Ifa tidak akan pernah ia beri tahu, bagaimana bahagianya ia saat bisa bertukar nama dengan gadis itu dan segila apa dirinya saat kehilangan Ifa di tahun lalu. Di saat dirinya tak lagi bisa menjangkau sosok ayu yang sudah menjadi candu bagi sang rindu. Ifa tidak akan tahu, usaha seperti apa yang ia tempuh untuk merebut ponsel Uni Ella yang berisi nomor ponsel gadis itu.

Gadis merah maroonnya telah sempurna mengambil alih kendali hati, keinginan mimpi, dan citanya dalam mengudara dalam kemiliteran.

Namun ....

Lagi-lagi Dirga menghela napas.

Pemuda dengan alis tebal itu tidak akan pernah bisa melepas tugasnya di kemiliteran. Sumpah pada ayah dan kakeknya yang telah berpulang masih terpatri di ingatan. Ia harus menuntaskan tugas dan hidup menjadi seorang pejuang negara.

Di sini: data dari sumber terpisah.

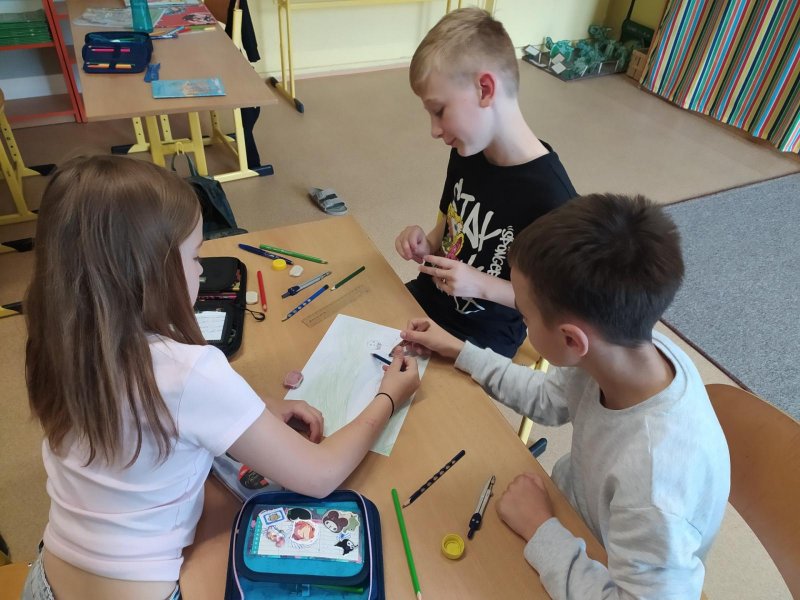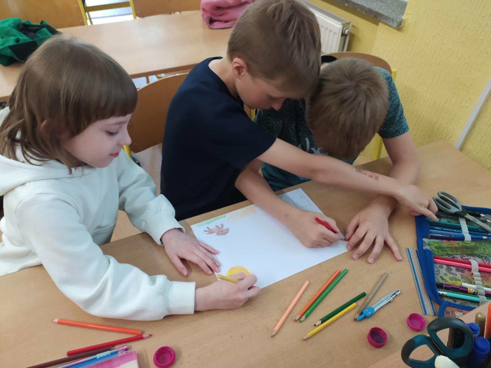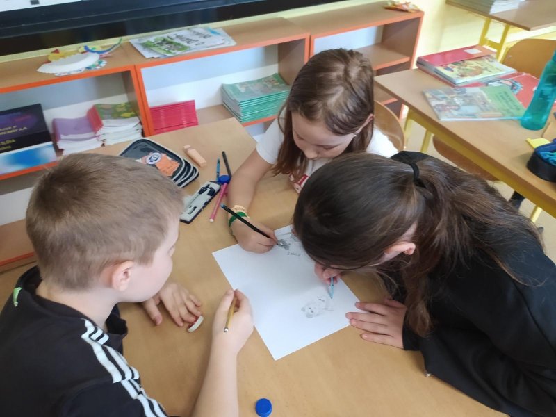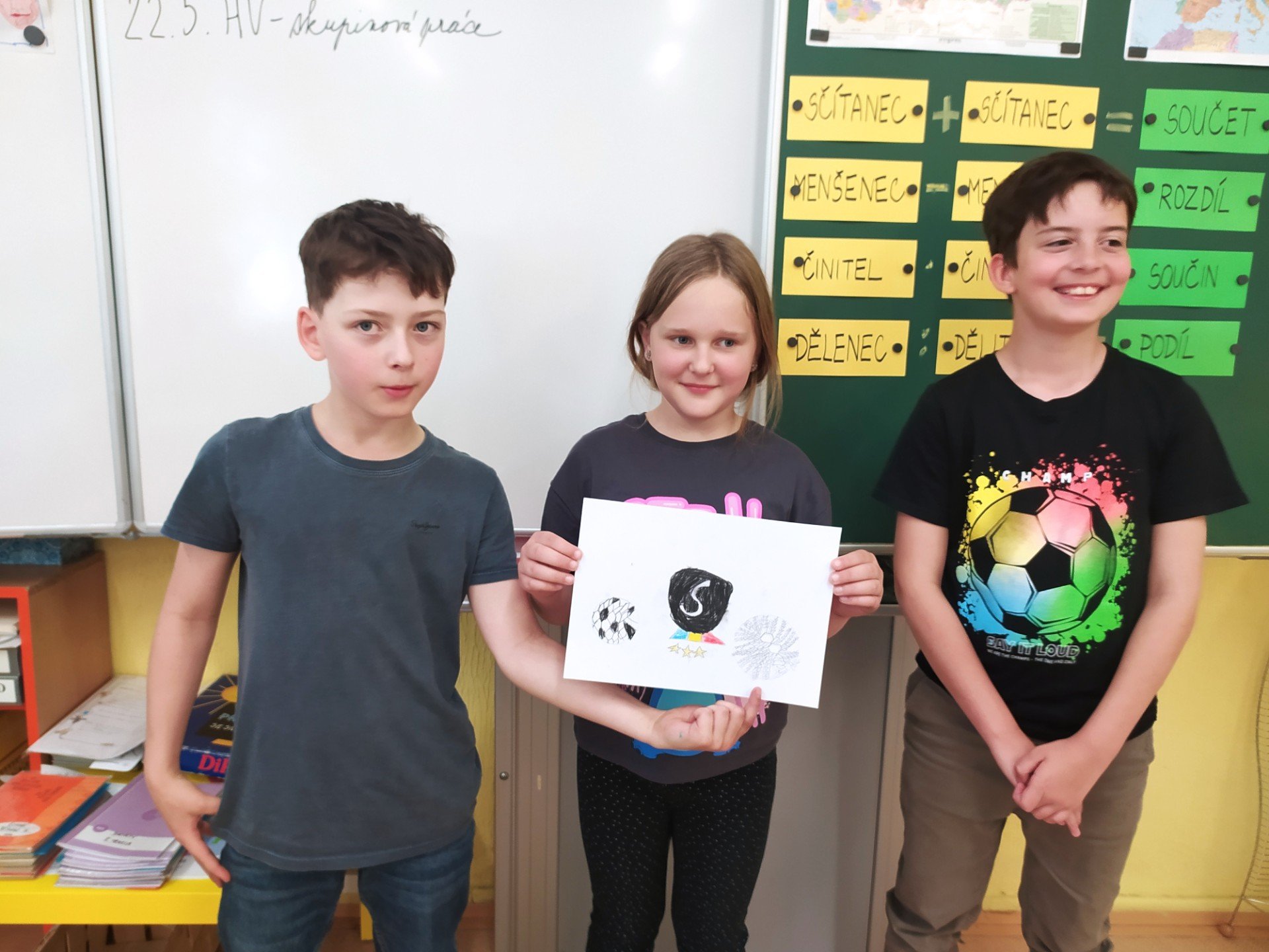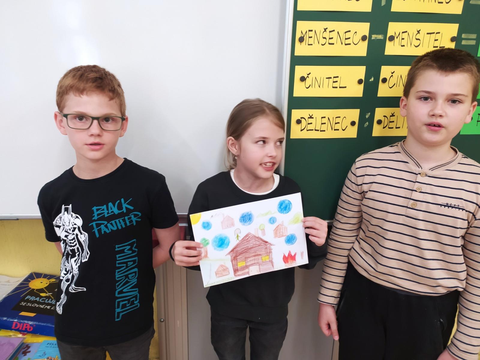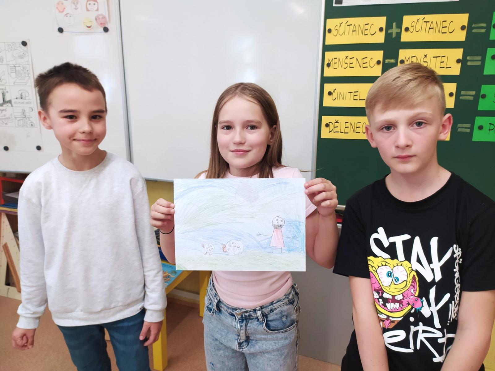 V hodinách hudební výchovy nemusíme jenom zpívat, ale také pracovat ve skupinách. Dnes jsme se úplně náhodně rozdělili na skupinky po třech a poté jsme pro své kamarády kreslili hudební hádanky. Nakreslili jsme co možná nejpřesnější vyjádření textu písně a kdo uhodl, získal sluníčko.

Dan gadisnya, adalah pemilik sayap yang tak pernah berniat untuk menepi dan berhenti.

Dirga memutar mata, ia melihat Mas Fendra memencet tombol panggilan tim medis saat netranya menangkap bercak darah yang muncul di seragam pasien Dirga.

Namun, Dirga tak peduli. Ia melanjutkan memutar pandangan dan meraih ransel tentara yang tersimpan apik di sisi.

Sebuah cincin dengan intan permata ia temukan dalam balutan penyanggah anggun berwarna merah maroon yang telsh lama setia bertahta dalam ransel tentara.

Sejujurnya, sudah sejak tiga tahun yang lalu ia berniat ingin melamar gadis itu. Namun, selalu urung bila ia mengingat profesinya dan cita-cita gadis pujaan.

Yang Dirga tahu, Rahmalia Lathifa adalah awan putih yang anggun, bersih nan suci. Yang sulit ia gapai sebab terjaga dengan langit biru yang ingin dijelajahi sang awan.

Sedangkan ia ... aparat negara yang harus selalu siap sedia bila tugas negara memanggil.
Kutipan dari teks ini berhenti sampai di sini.